It has recently become conventional wisdom that Democrats have a pretty good chance of clinging to the Senate — despite a national political environment that has looked dire for their party throughout most of this year.
I’ve written about this a fair bit myself. And even Mitch McConnell, the once and possibly future Senate majority leader, has taken to complaining lately that Republicans have a “candidate quality” problem.
McConnell’s deputies use other words in private that cannot be printed here — a reflection, in part, of the tensions between his camp and the network around Senator Rick Scott of Florida, who is officially running the G.O.P.’s Senate campaign efforts. In the view of McConnell’s team, it should be Scott’s responsibility to clear the field of fringe candidates who can’t win general elections, and he failed to do so in many of the biggest Senate races. Adding to those tensions is the fact that Donald Trump has openly feuded with McConnell and threatened to muscle him out of the role of Senate leader in favor of Scott.
So when McConnell complains about “candidate quality,” he’s also taking a shot at his own rival, Scott.
With those caveats out of the way, let me say this: Republicans might very well do better than the pundits expect. And that is keeping some Democratic strategists up at night.
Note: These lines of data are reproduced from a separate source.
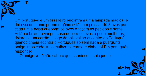 Então o braileiro vai pra casa quebra os ovos e pede, mulheres, dolares e um carrão, e logo depois vai ao encontro do Português quando chega econtra o Português só sem nada e p0ergunta amigo, mas cade suas mulheres, carros e dinheiro! E o português responde: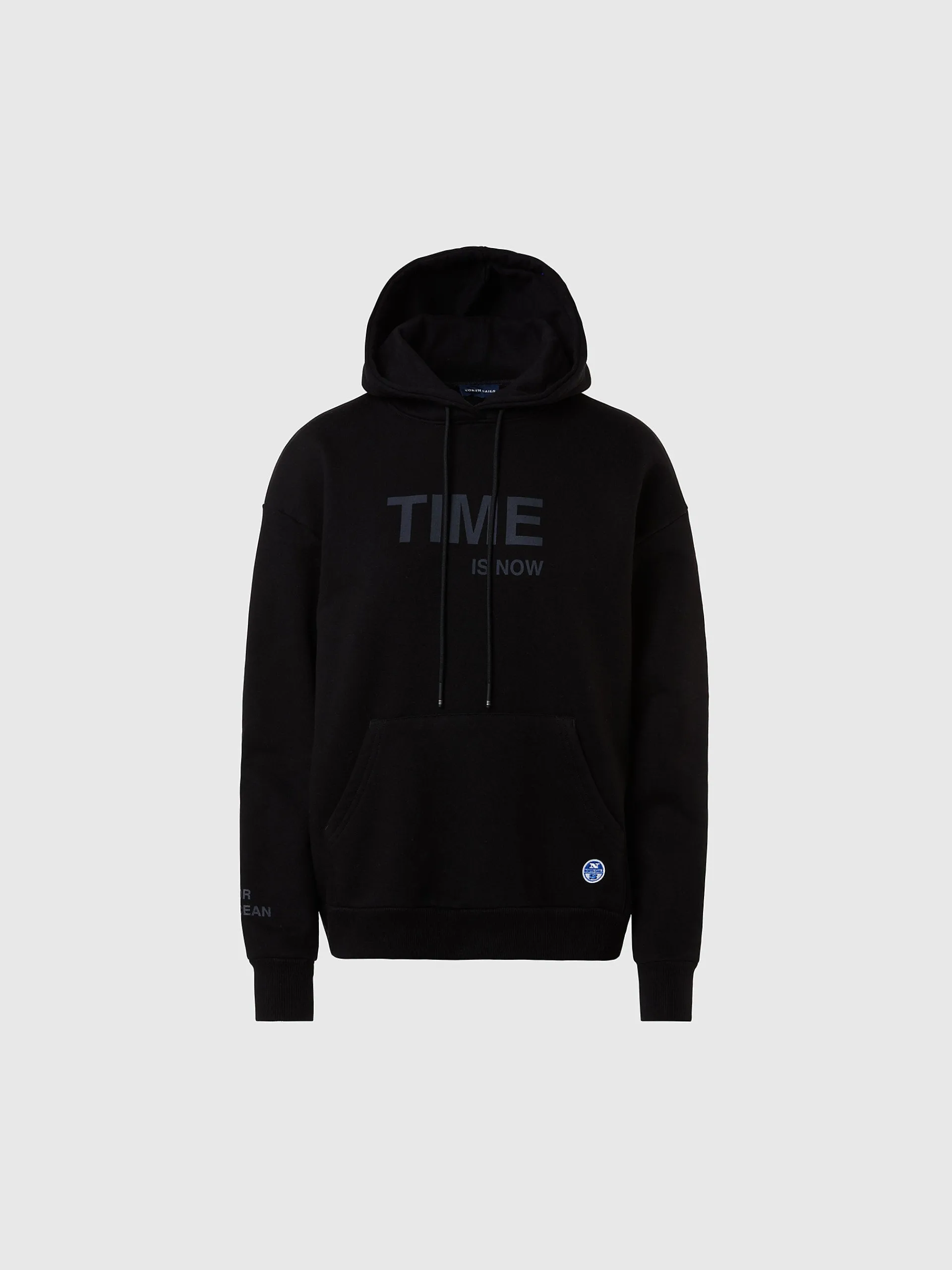 Il momento è adesso, unisci a noi nella difesa dell'oceano. Questa felpa hoodie con maxi stampa lettering esprime il nostro impegno per salvaguardare l'ecosistema marino ed è realizzata in cotone organico. Si caratterizza per la linea disinvolta con bordi a costine e comodo cappuccio con coulisse. Impreziosita con il logo North Sails sulla tasca.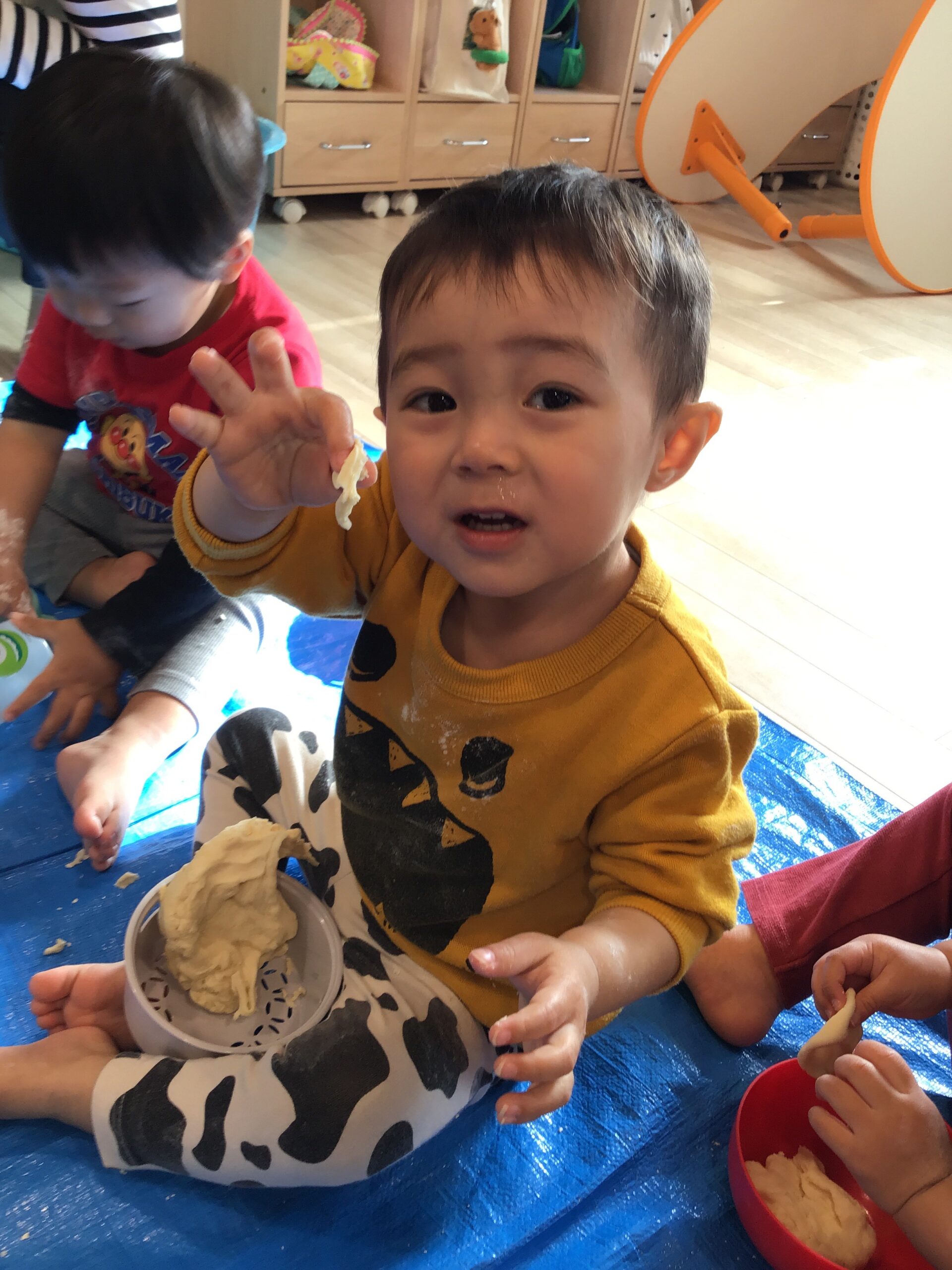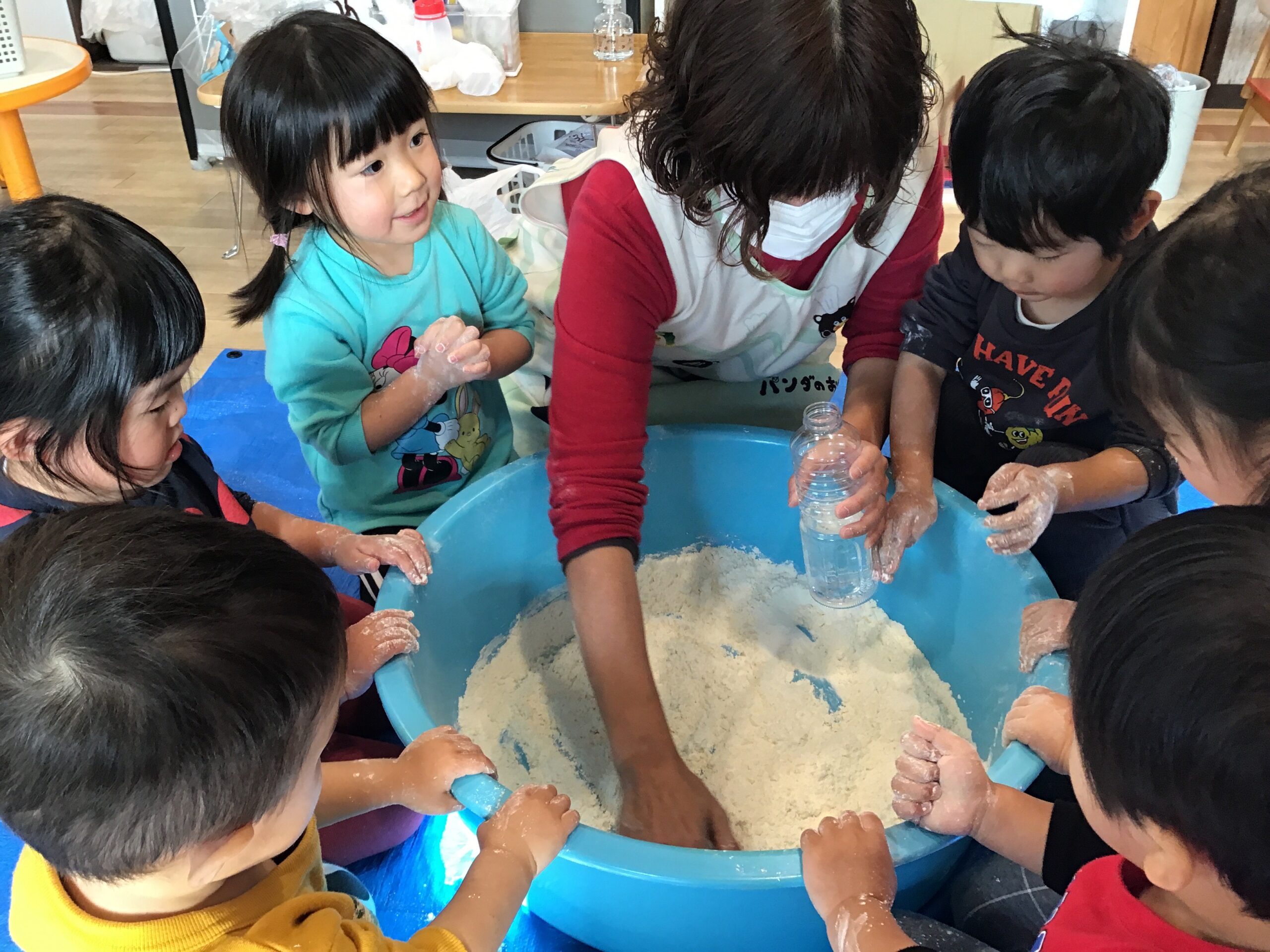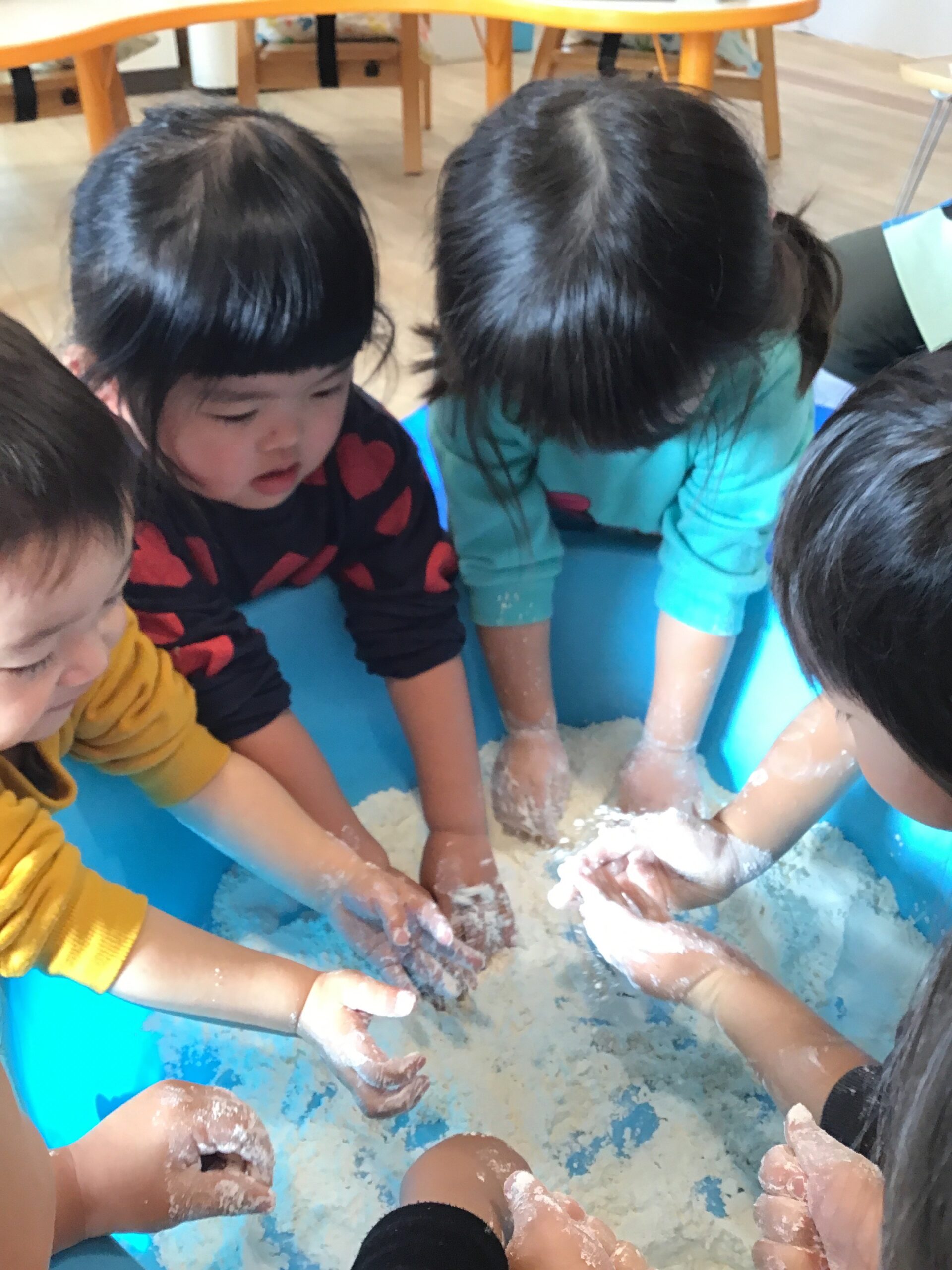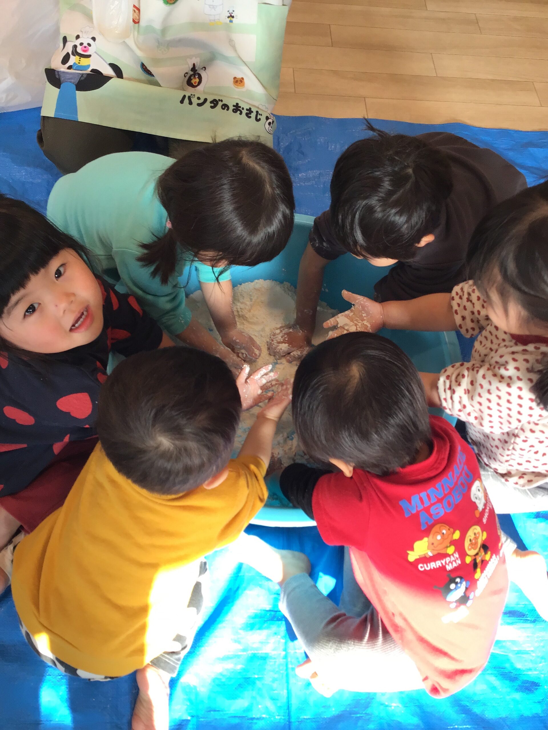 さらさら小麦粉から水をいれてもちもちの小麦粉への感触の違いも楽しめた時間になりました♪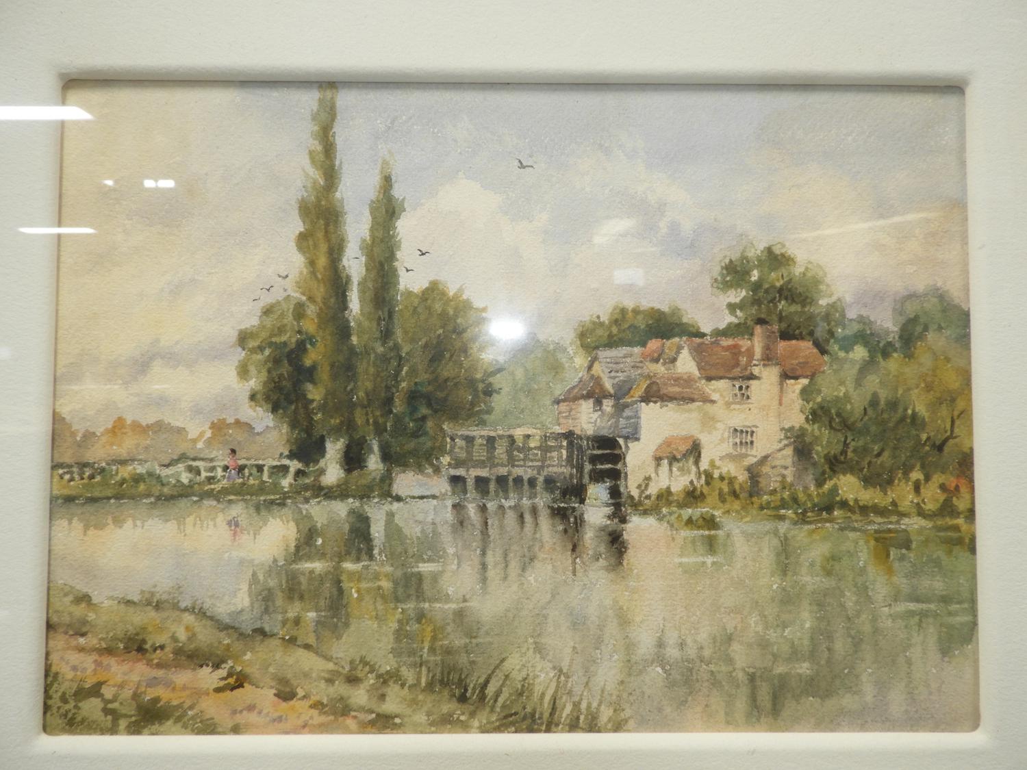 unsigned watercolour, 10" x 14", "river scene with mill".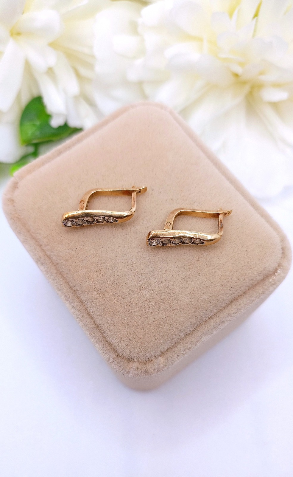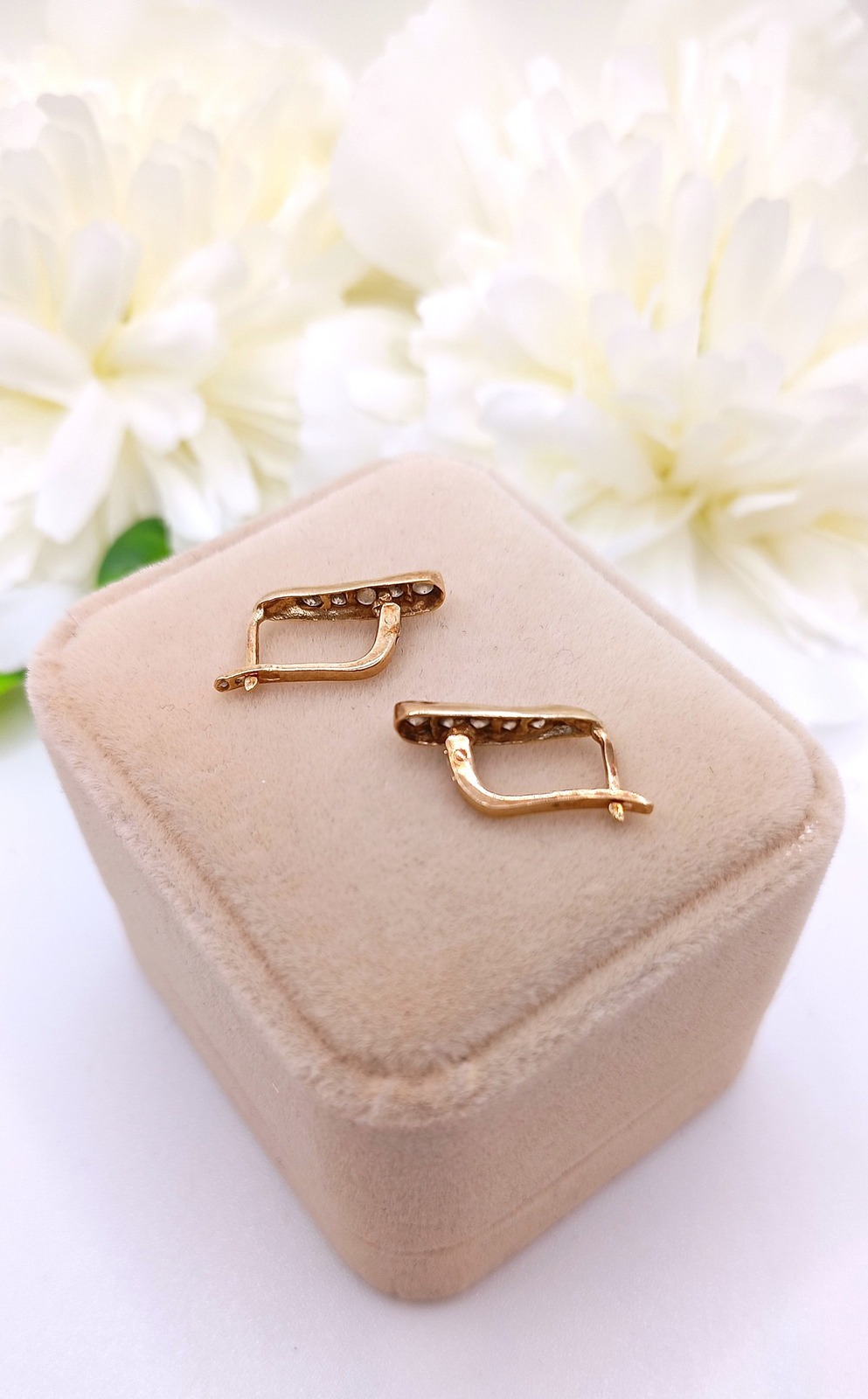 Oferujemy na sprzedaż złote kolczyki wykonane z 14-karatowego (p.585) żółtego złota.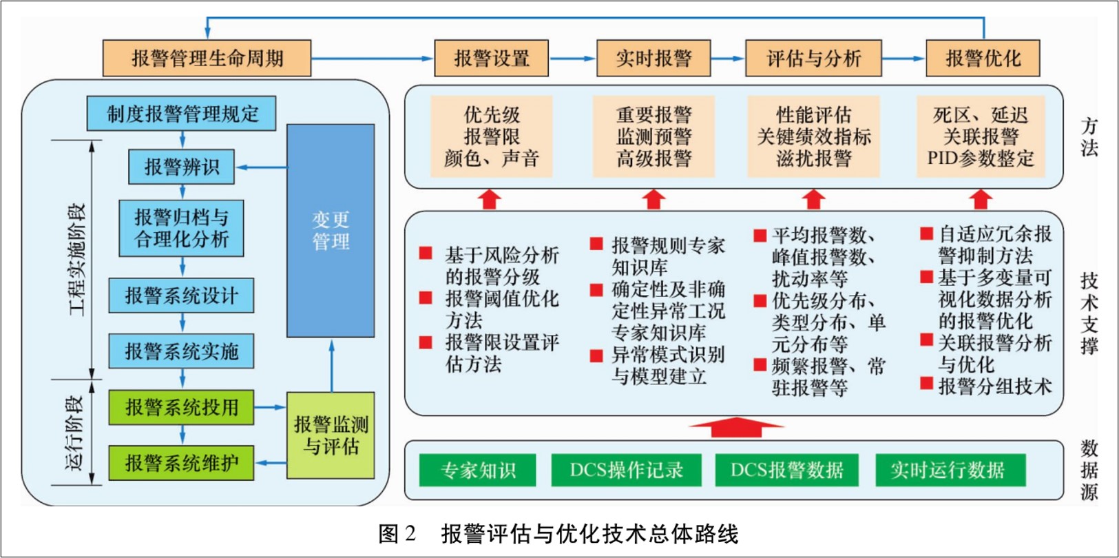 (1)報警評估與優化技術。從報警設置、儀表及控制系統優化等措施入手,減少現場無效報警干擾,提升報警響應效率,優化日常工藝操作。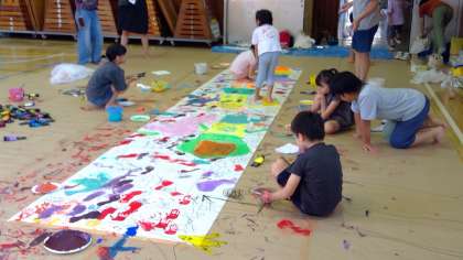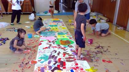 縦10mの長い紙に、集まったみんなで一斉に描き始めました。色をつけていくときには、刷毛だけでなく、手のひらや腕、足の裏も使って、楽しそうに描いていました。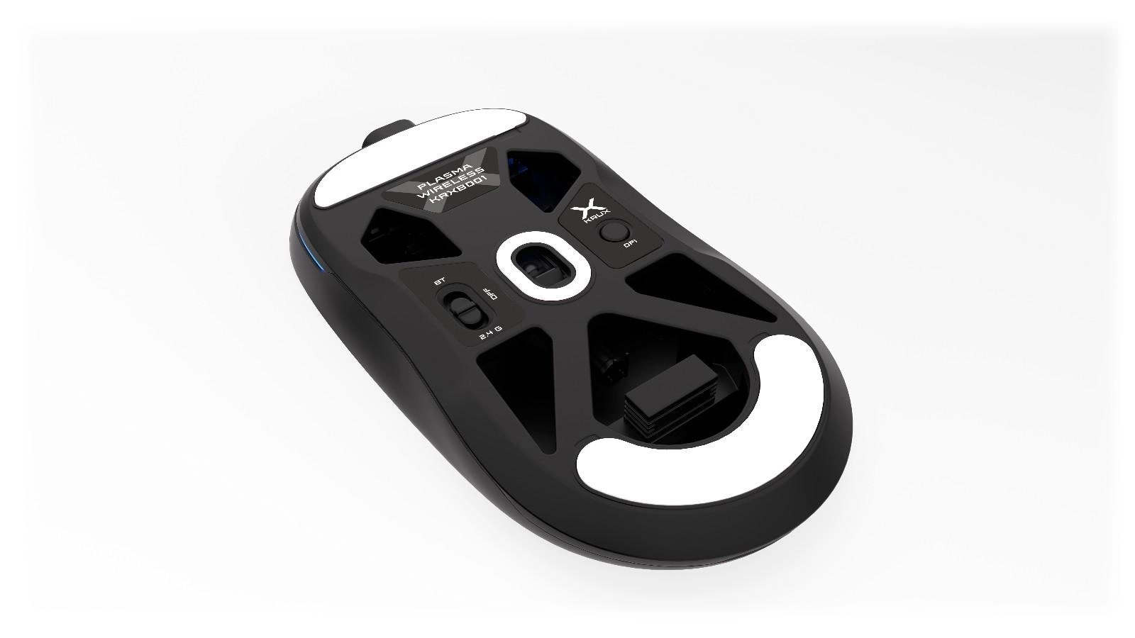 Krux Plasma Wireless można podłączyć na trzy różne sposoby. Jeżeli lubisz mieć gryzonia na uwięzi, podepnij go kablem USB i używaj w tradycyjny sposób. Jeżeli jednak potrzebne jest połączenie bezprzewodowe, masz wybór wpięcia dongla odpowiedzialnego za sygnał 2.4 Ghz albo sparowania myszy z komputerem lub konsolą przy pomocy Bluetooth.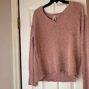 Blush colored sweater. Material is super soft. The neck is quite wide and the sleeves are tight.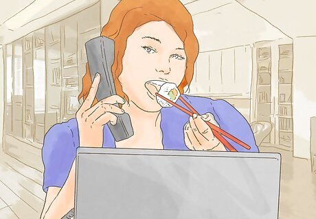 Notice if you're working through meals. A workaholic may read or do work during meals. This might include doing work during your lunch break while at your workplace or taking materials home and working during dinner. You might expect to work through meals or feel agitated or bored if you eat a meal without work in front of you. Perhaps you count on having work with you through meals and often turn down invitations to meet for lunch or dinner due to work.

This is true for two main reasons: a flood of outside money that is about to hit the airwaves on Republicans’ behalf, and polling that indicates that the political environment remains a problem for Democratic candidates, despite their party’s recent string of accomplishments.
First, the money
Senate Democrats have been able to outspend and out-fund-raise Republicans so far this year.
That’s partly a function of incumbency. G.O.P. candidates have spent the bulk of their money and energy attacking one another and vying for Trump’s favor, and Democrats have well-established email lists and national infrastructure to support them.
With the primaries wrapping up, however, that’s about to change in a big way. Outside groups are tooling up tens of millions of dollars in ad spending on behalf of Republican candidates, according to public reports. And television advertising still matters a great deal with the older voters who traditionally dominate midterm elections.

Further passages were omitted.